CASES STUDY:
VISUAL DATA EXPLORATION
An interactive data visualization to explore multidimensional data sets in order to distinguish different classes of galaxies. The data set was part of an astronomical study led by K. Leiter at the Chair of Astronomy, University of Würzburg.
Intro
The multidimensional data comprises X-ray properties of galaxies divided into two groups: those which show megamaser emission in the radio frequency band of the electromagnetic spectrum and thus provide an independent opportunity to measure the expansion of the universe, and a control group, so-called nonmaser galaxies. Astronomers created the data set in order to find parameters which serve to classify new sources into one of the two group. In addition machine learning algorithms, I supported the group by performing a visual parameter exploration.
A Visual Exploration
The researchers was to obtain efficient classification criteria to find candidates for megamaser galaxies in future X-ray source catalogs. Typically, this is done by asking a series of question, i.e. whether or not the parameter values of a source is larger or lower than a pre-deterimed threshold. This concept is called decision tree. However, the larger the number of parameters in the data set, the harder it is to find the most efficient combinations of parameters to be checked. In this case study, I wanted to explore: can data visualization help to understand and evaluate the classification of the intelligent decision tree?
Data Mapping & Navigation
For this visualisation I used the concept of stacked Epicycles that was once used to describe planetary orbits. Each source performs a unique paths through 3D space which is solely defined by its parameter values. Similar sources will end up in the same area while distinct sources occupy different locations in space. The researchers were able to test different parameter combinations and find the best parameter set to separate megamaser galaxies (red) from non-maser galaxies (blue) and find outliers.
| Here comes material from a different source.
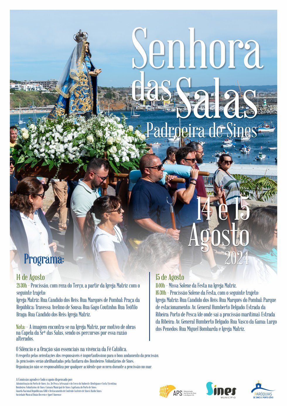 A Festa de Nossa Senhora das Salas é uma organização das Paróquias de Sines e Porto Covo, como o apoio de várias entidades, entre elas o Município de Sines.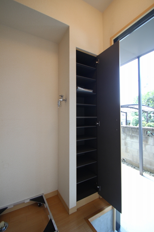 入口の横にはシューズボックスがあって、靴の収納もバッチリ!

Interactivity & Navigation Interactivity and Navigation allows the scientist to define individual parameter sets to be explored, detect and exclude outliers from the classification process and investigate the parameter values of each individual source. The user can navigate freely through 3D space using the mouse & keyboard.
Impact
Impact The visual analysis helped astronomers to understand the results of a random forest machine learning alogorithm and identify outliers in the large data set. This helped to refine and improve the analysis pipeline.